BEGIN Given data

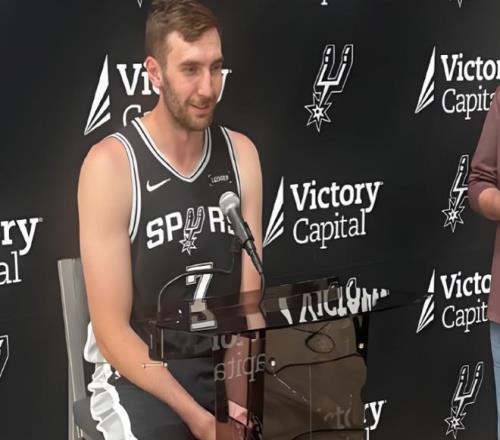 而他的马刺队友们把这个画面印在短袖上,直接让这件短袖迅速成为圣安东尼奥当地最热销的球队周边,从随队记者到退役老将格里芬,都曾公开表示想要。
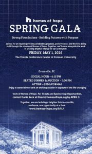 Homes of Hope is a nonprofit organization based in Greenville, SC, dedicated to providing affordable housing solutions and economic mobility opportunities to individuals and families in need. Since its founding in 1998, Homes of Hope has built 745 homes and graduated 343 men from the Men’s Workforce Development program, offering hope and a brighter future to the Greenville community. To learn more, please visit us at www.homesofhope.org.
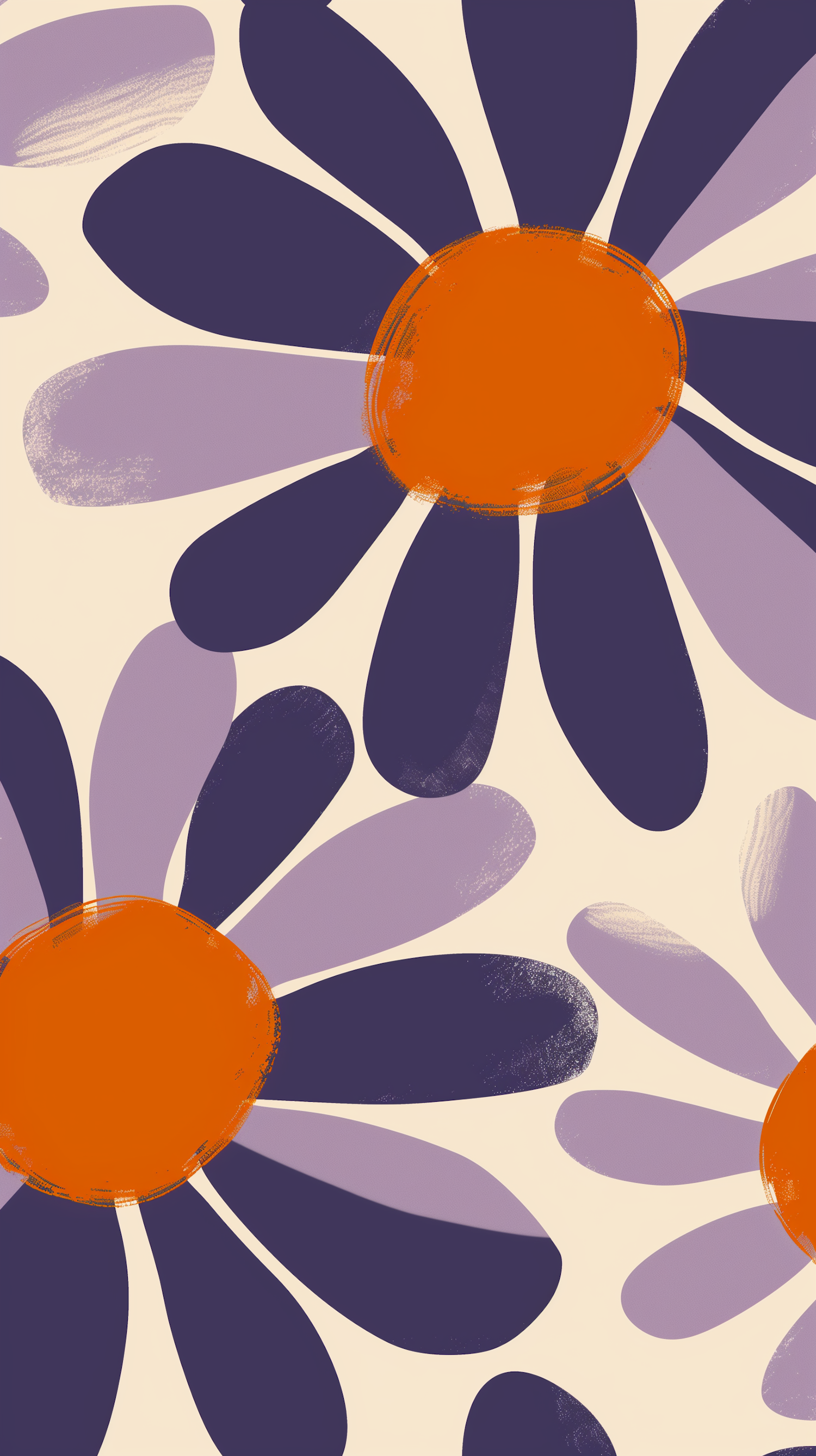 Bold floral illustration with purple petals, orange centers, and a cream background. Retro-inspired, perfect for modern decor or design.
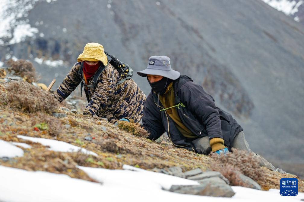 沙德镇瓦约村村民扎西旺吉(右)和妻子德吉在四川省甘孜藏族自治州康定市沙德镇的草山上寻找虫草(5月23日摄)。

END Given data

▶ _Assigned task_
Set down again, exactly, the lines of the material above from its first line to the one with "Bold floral illustration", inclusive. Leave the pictures out.

▶ _Solution to this problem_
 而他的马刺队友们把这个画面印在短袖上,直接让这件短袖迅速成为圣安东尼奥当地最热销的球队周边,从随队记者到退役老将格里芬,都曾公开表示想要。
 Homes of Hope is a nonprofit organization based in Greenville, SC, dedicated to providing affordable housing solutions and economic mobility opportunities to individuals and families in need. Since its founding in 1998, Homes of Hope has built 745 homes and graduated 343 men from the Men’s Workforce Development program, offering hope and a brighter future to the Greenville community. To learn more, please visit us at www.homesofhope.org.
 Bold floral illustration with purple petals, orange centers, and a cream background. Retro-inspired, perfect for modern decor or design.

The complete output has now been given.